Again, I got lots of atmosphere, and next to no story. I've written based on music before, but of course it's a lot easier when there are things like lyrics, melody and tone. Even if I don't directly transcribe what's going on in the song, I can generally ween something interesting out of it. But I remain unsatisfied with these pieces; it's puting some perepctive of my weaknesses, and I generally like having nothing to do with those. This time, however, was Quentin Tarantino to the rescue. Having just seen Inglorious Basterds last week, the development of this scene is based on what happens in the very first scene in that film.

In it, a German officer arrives at a French farm house and, being exceedingly polite and genial, convinces the resistant farmer to identify where he's hiding a Jewish family, who are, at his word, massacred, except for one. This was written about the one, and if anything had actually occurred in the music, that would have been her escape.

One thing I did like was the disembodiment of the footsteps; in a longer, more thought out story, I'd like to use that to better effect.

Wk. 4 Jenniy

Janek's story, written to “Storch” by Trio Slicnation:

My name is Jenniy. With an "I" in the middle, and a "y" on the end. Yeah, that’s right, I got both, what of it? No one hears my name any more anyway, not under the cold wind and the cars and the sound of the streetlamps as they explode. The only thing about my name that’s important is who it used to be. Not me. No, it wasn’t always me, I wasn’t always Jenniy with an I and a Y. That great misfortune once was hampered upon another girl, but she’s gone now, and the name doesn’t mean anything to her either. But it means something to other people; to the people who knew her, to the people who felt close to her and her story, and I imagine, to the people who knew me, who felt close to my story. It meant something to a thousand other people who knew a thousand other Jenniy’s with Ys or Is or both, and who millions more who felt close to our stories. Maybe there was a Jenniy before the last one, maybe there were two or three or a million or a billion, I don’t know. But I spent three years as a Jenniy before Jenniy’s left me, and before that day I was happy and I was safe and I was amazingly, unbelievably, jaw-droppingly rich. Oh yes. But that day disappeared with Jenniy, and that life was gone and I was in the cold, in the wind, standing under exploding streetlamps, but there’s nothing out there that can make me regret what I did, nor anyone who can tell me that what I did was wrong, not with any sense of righteousness or justification; there’s nothing they can tell me that I haven’t heard before, and which I haven’t laughed off.

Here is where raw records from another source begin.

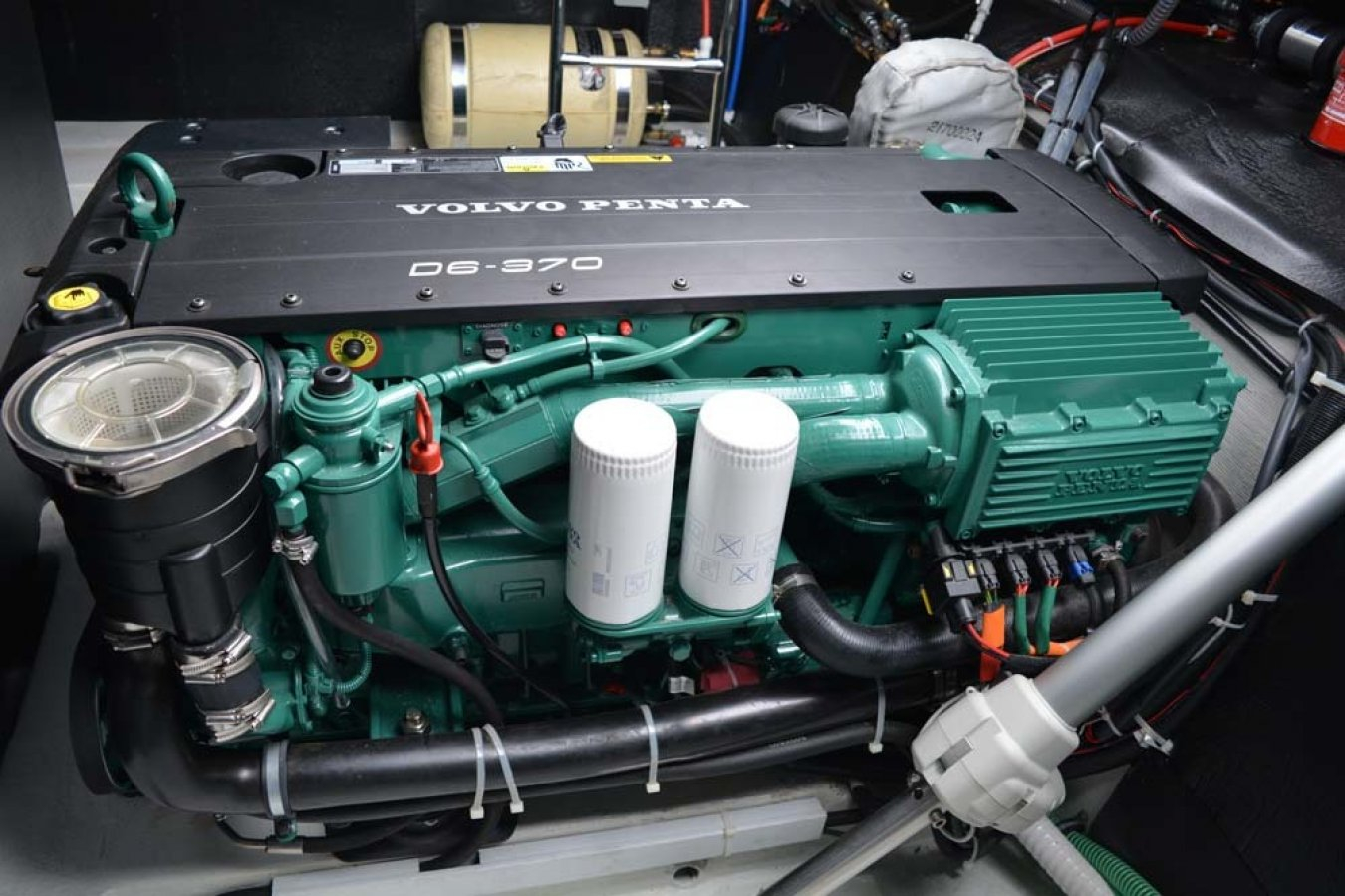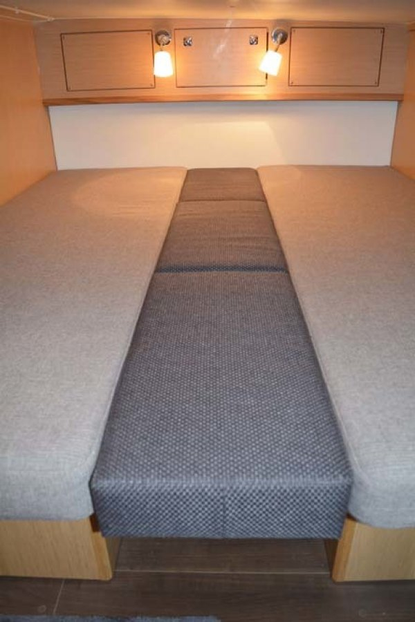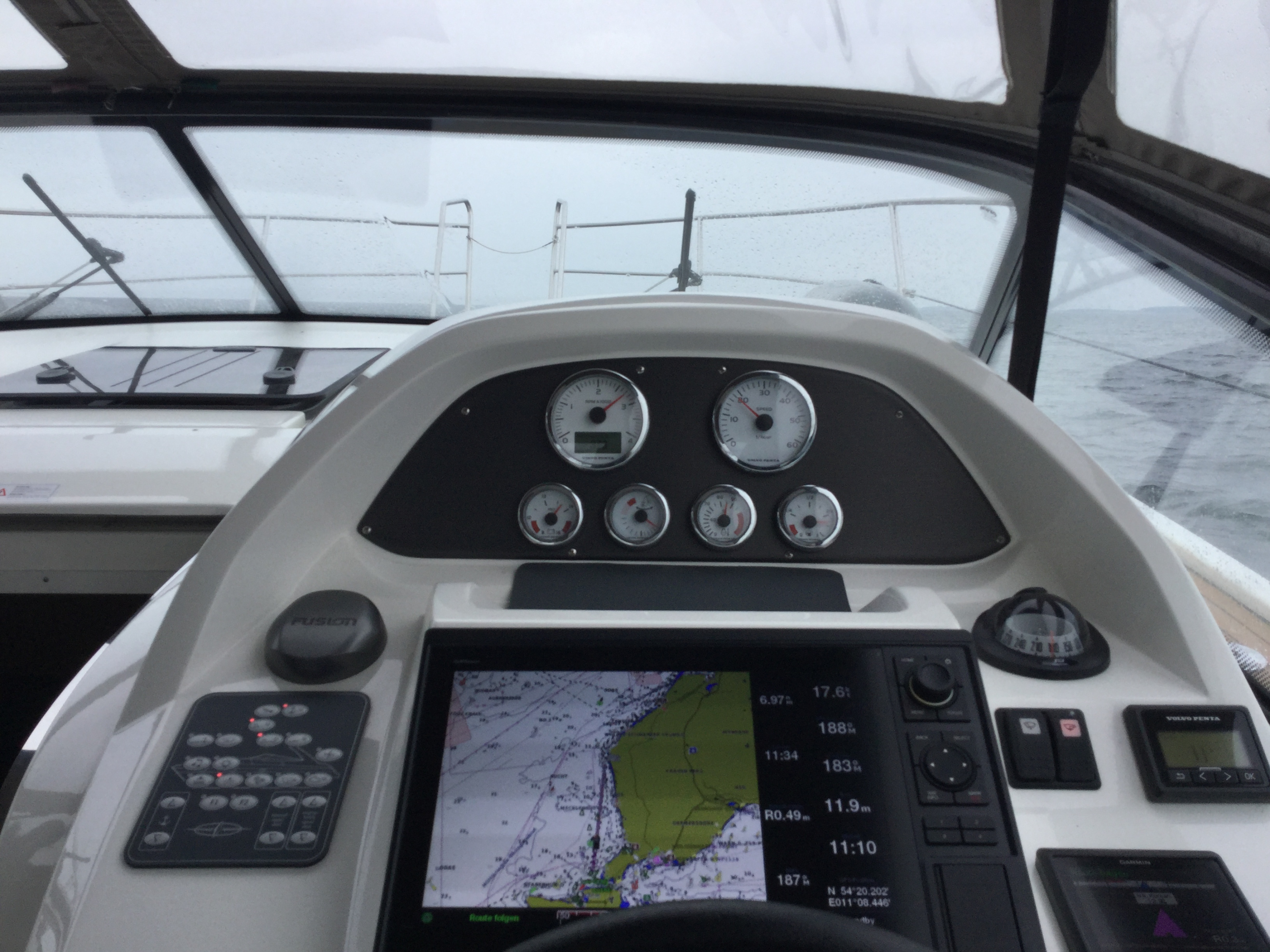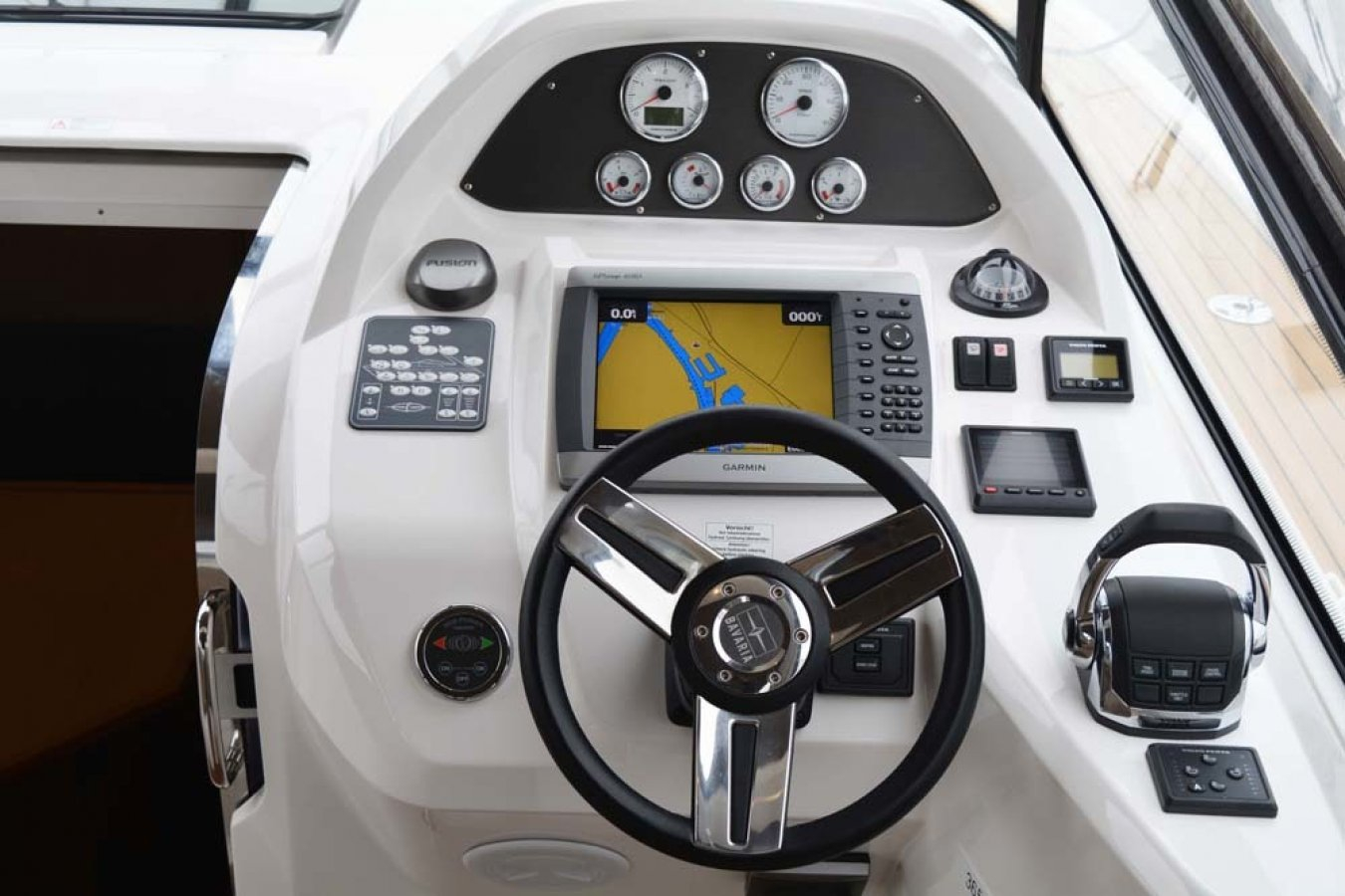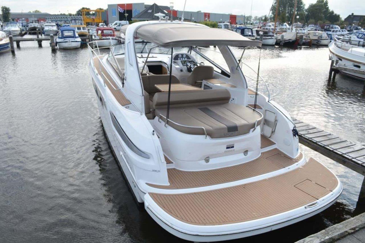 Bavaria Sport 35 in sehr gepflegtem Zustand. 2 Doppelkabinen. Volvo-Penta D6-370 PS Dieselmotor mit nur 575 Std., Duoprop-Antrieb, zusätzlich isolierter Motorraum, Bugstrahler, elektrische Ankerwinsch, verlängerte Badeplattform, luxuriöse „Suntex“-Außenpolsterung, schöne Cockpit-Persenning (teils neue Scheiben 2025), 2x Scheibenwischer mit
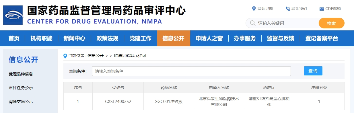 2024年08月05日,由熱景生物(SH.688068)孵化的創新藥公司北京舜景生物醫藥技術有限公司(以下簡稱舜景醫藥)研制的全球首款創新藥SGC001注射液成功獲得國家藥品監督管理局藥品審評中心臨床試驗默示許可。這是繼2024年05月22日該產品獲得美國FDA臨床試驗(IND)許可之后又一里程碑事件。2025年3月,SGC001獲得美國FDA授予的快速通道認證(Fast Track Designation)。2025年10月,SGC001 Ib期臨床研究獲得積極的初步結果,并亮相維也納BIO Europe 2025,為全球急性心梗治療領域帶來新的研發視角。
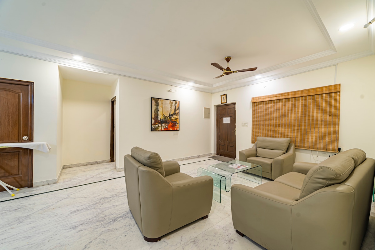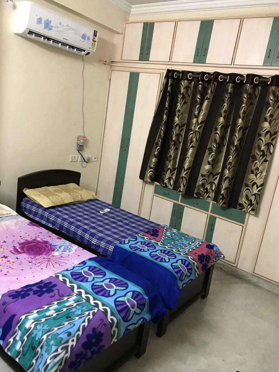 Forget your worries in this spacious and serene space nestled in the heart of the city of Hyderabad, MLA Colony, Banjarahills. Our scenic 3 BHK(AC) apartment offers the perfect blend of convenience and tranquility. Located in a calm neighborhood, away from traffic/pollution it’s just minutes away from popular malls, shopping centers, hotels and hospitals. With all the basic amenities it ensures a comfortable stay for your family. Whether you're here for work or leisure, you'll feel right at home
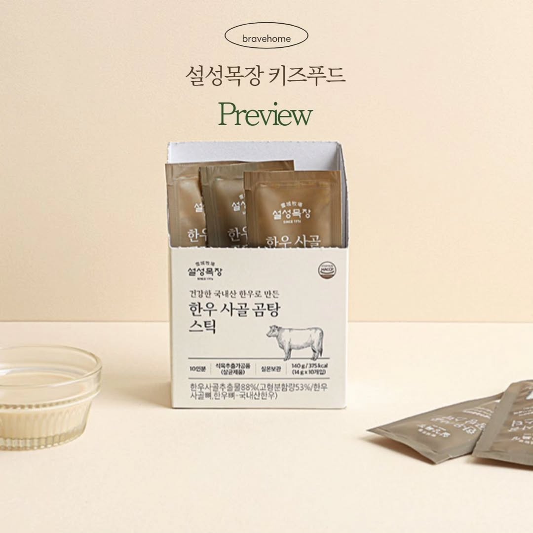 ❤️ 2차 공구 프리뷰✨️ 🏷️ 설성목장 어린이덮밥&어린이국&사골스틱 특가 오픈 예고 🎁 [구매 인증 EVENT] 한우사골곰탕 스틱(10ea) 2팩 쏩니다!🐂 구매 후 오픈 피드 or 예고 영상에 '구매완료 + 휴대폰 뒷 네자리' 댓글 남겨주시면 추첨을 통해 5분께 한우사골곰탕 스틱 2팩씩 보내드려요! (공구 종료 후 2주 이내 발송) - 2차 공구는 1차 공구와 구성에서의 차이점이 있어요! ✔️ 국의 종류의 개수를 늘리고 다 맛보실 수 있게 버라이어티 팩을 구성했어요! ✔️ 단품류를 뺐어요!! ✔️ 주변 엄마들 사이에서 입소문난 사골스틱 구매 가능‼️‼️ 옵션은 총 3가지 ❤️ 설성목장은 믿고 먹을 수 있는 식품이에요. 1차 공구에서 구입하신 분들이 만족도가 높았답니다.! 🔍 용감이네 x 설성목장 상품 구성 1. 소스 혼합 3종 세트 (100g 2팩씩 총 6팩) 닭가슴살 로제 토마토소스 100g X2 건강한 한우로 만든 불고기 덮밥소스 100g X2 한돈 등심 어린이 카레 100g X2 2. 국탕류 5종 버라이어티 세트(곰탕+닭곰탕+소고기무국+미역국+된장국) 구성(200g 1팩씩 총 5팩) 3. 한우 사골 곰탕 스틱(10ea) (140g 5팩) ✅️ 내일 오전 10시 오픈 입니다‼️‼️
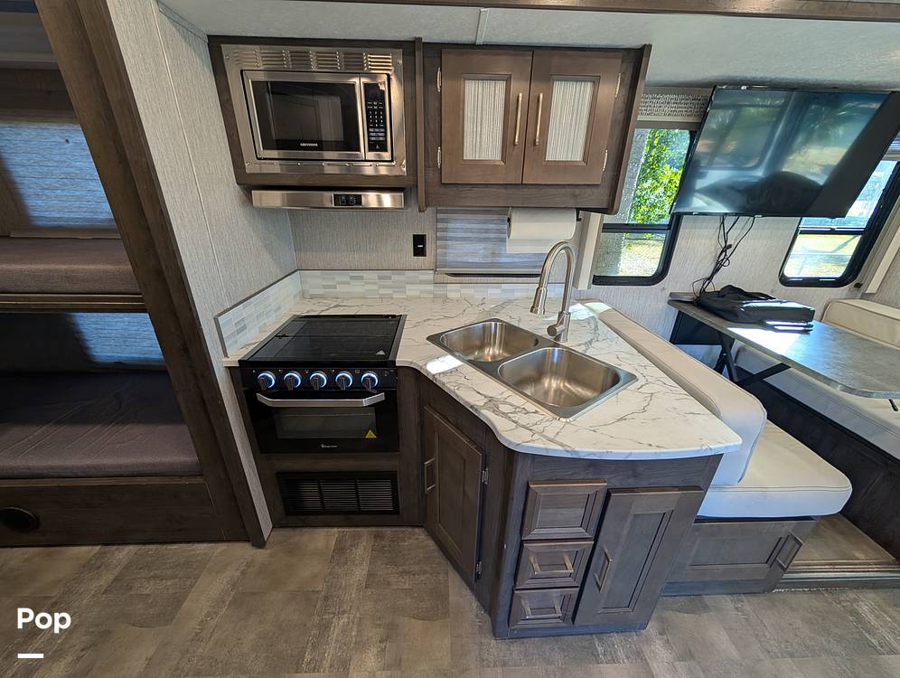 Inside, you'll find a thoughtfully designed living space that includes a fully equipped kitchen, complete with modern appliances and ample storage. The sleeping arrangements are versatile, featuring a master bedroom with a cozy queen bed, convertible dinette and sofa beds, and a set of bunk beds, ensuring everyone has a comfortable place to rest. The bathroom is well-appointed with a shower, sink, and toilet, providing all the comforts of home on the road.
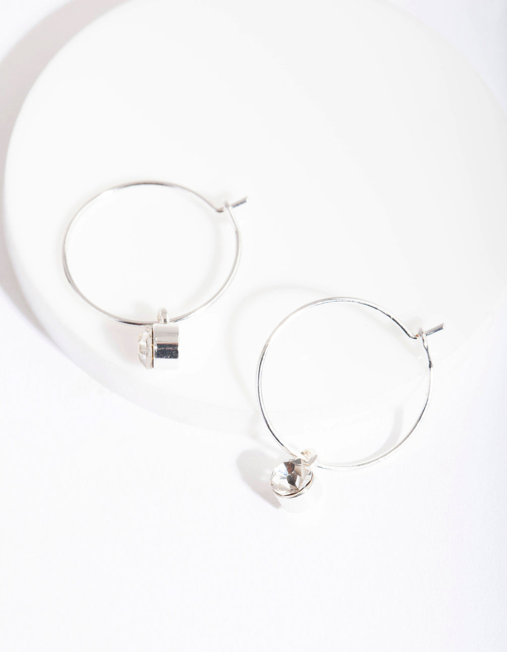 This silver tone earring boasts a hoop design with a crystal stone pendant.

No editing done since it was first written.

I got a real neo-noir vibe from the music, and there was a kind of sound like wind going through it, which led to the atmosphere. The problem was, while I came up with plenty of atmospherics, pushing myself not to think meant that I couldn't plot out a story, and nothing naturally occurred to me, so I basically just kept going with atmosphere, and it doesn't go anywhere.

I really like repeating motifs, so the "I" and the "Y" became one, and the streetlights would have, I think, if I had more time. The "I" and the "Y" might have gotten out of control, again without the self-censoring thoughts, my worst excesses were allowed to shine through.